Cloudinary Blog

How to use OCR Text Recognition to automatically transform images

By Apr 19, 2017

image-transformation

How to use OCR Text Recognition to automatically transform images

Websites of all kinds enhance user experience with images. In fact, images appear on almost every Web page. Some of the images are uploaded by users, some are proprietary, and some come from 3rd parties.
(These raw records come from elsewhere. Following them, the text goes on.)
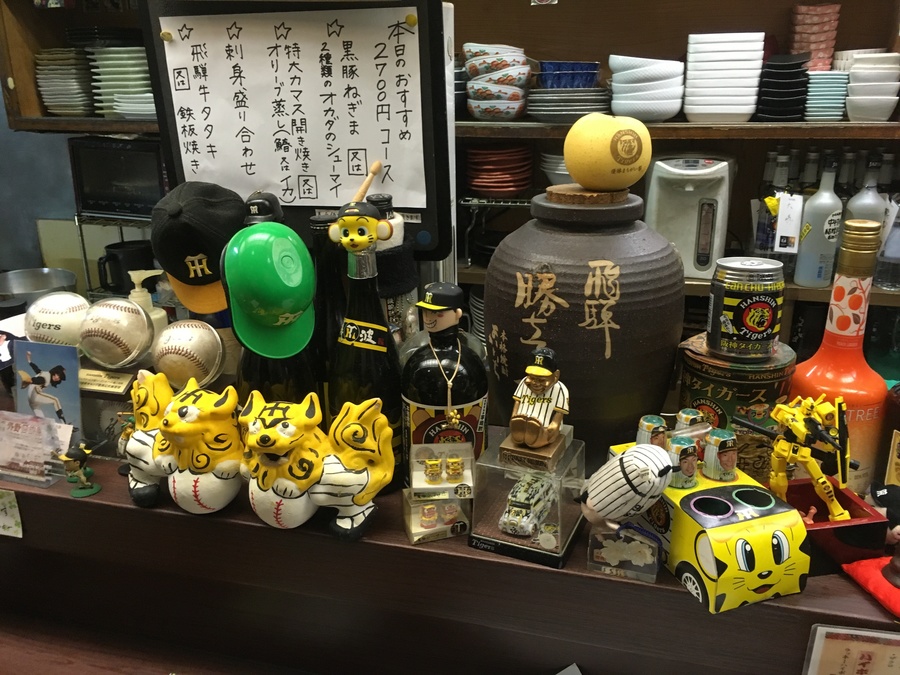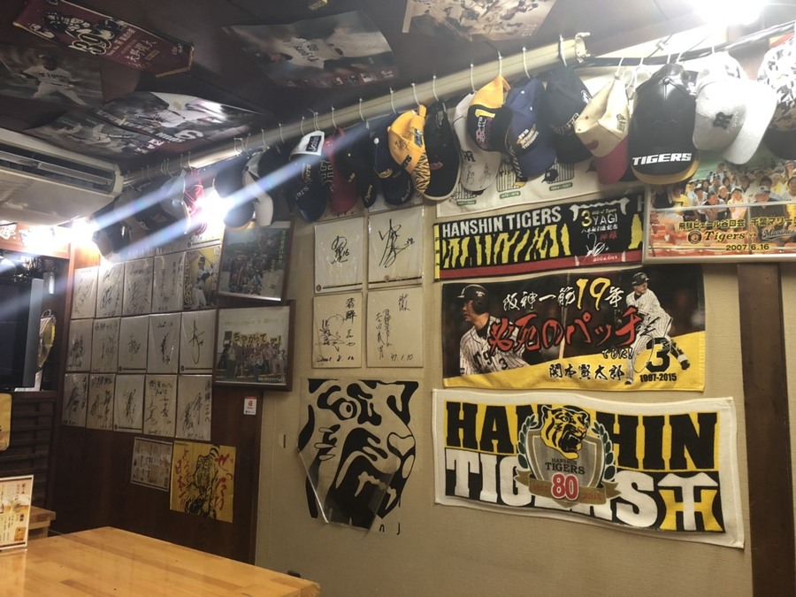 お店の“虎”の文字からもわかるように、阪神ファンの集まるお店です。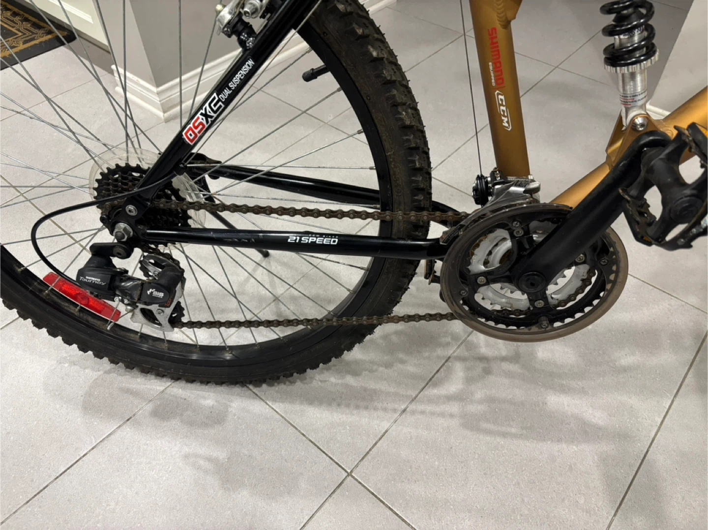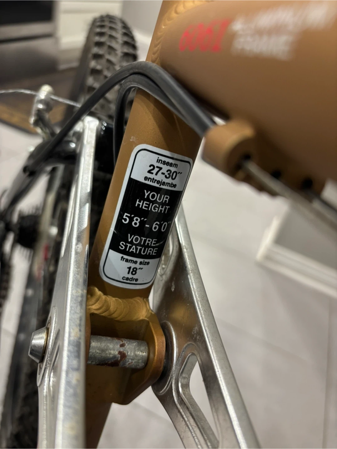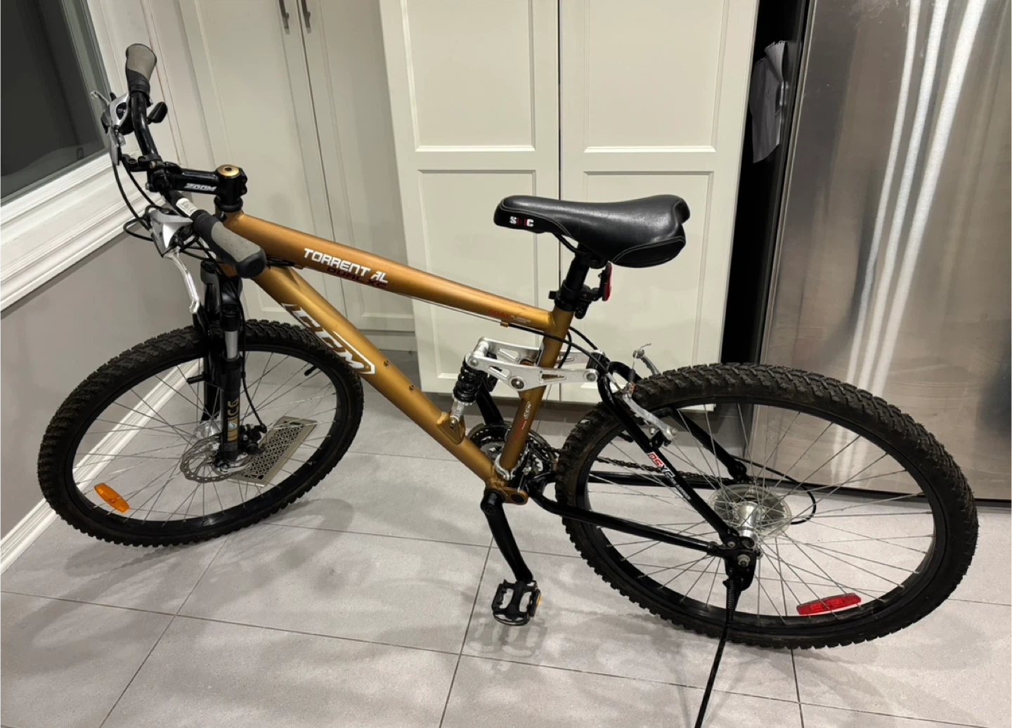 This CCM Torrent AL mountain bike features a gold aluminum frame and 21 speeds. It's a dual suspension bike with disc brakes. Recommended for riders 5'8" to 6'0".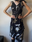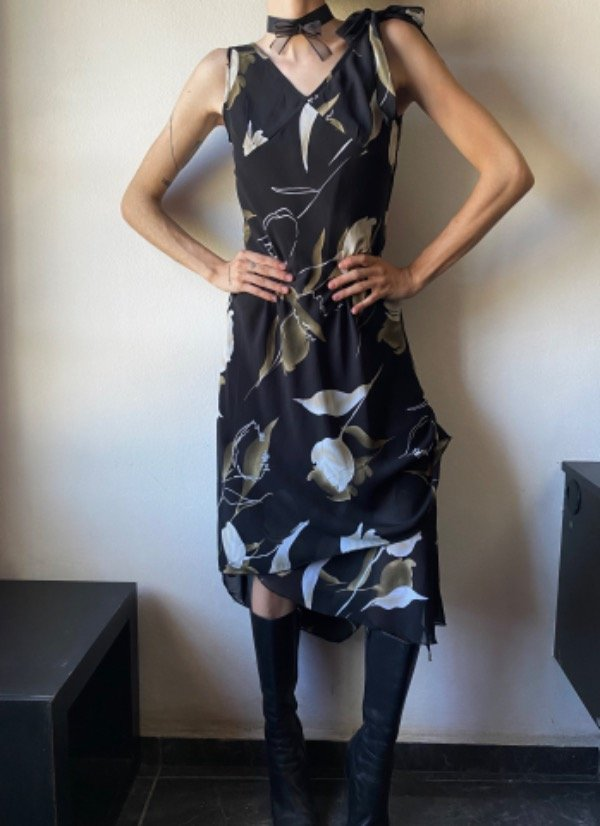 Vestido largo de flores y hojas color blanco y verde, con escote y espalda en V y frunce para ajustar a un lado. Tiene lazo en un lado del hombro, súper fresco y forrado para que no se transparente nada.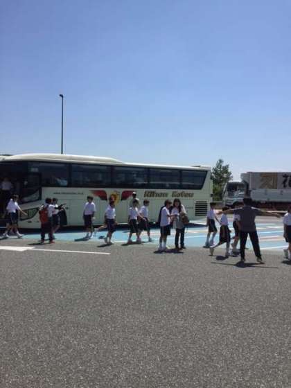 トイレ休憩です。見事な快晴です。午後のカッター活動が楽しみです。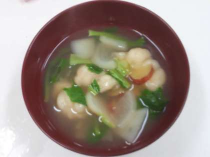 すいとんの中身は、「さつまいも」と学校の畑で採れた「天王寺蕪」そして、小麦粉で作っただんごです。味つけは、しょうゆと塩のみです。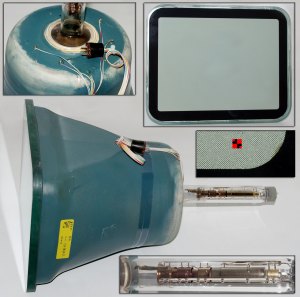 P.S. "уникальный" керамический цоколь намекае, что спаи боросиликатного стекла и Ковара (требуемые для электродов под люминофор, мишень и коллектор) выходили не очень. Т. е. такая ЭЛТ - штука крайне нетехнологичная, дорогая и капризная.

Regardless of origin, many of these images include text elements, and sometimes you need to be aware of or handle that text.

For example, you might need to:

Blur or pixelate texts that you don't want displayed on your website
Cover text in an uploaded image with another image
Have an automatic way to extract the text content so you can programmatically analyze it or perform operations based on the detected text. For example, you might want to make sure uploaded images do not contain too much text, or maybe you want to tag your images based on keywords detected in them.

These are common needs, but it's a hassle to do these things manually, even for your own proprietary images, and not an option for images that are uploaded by your users for immediate display.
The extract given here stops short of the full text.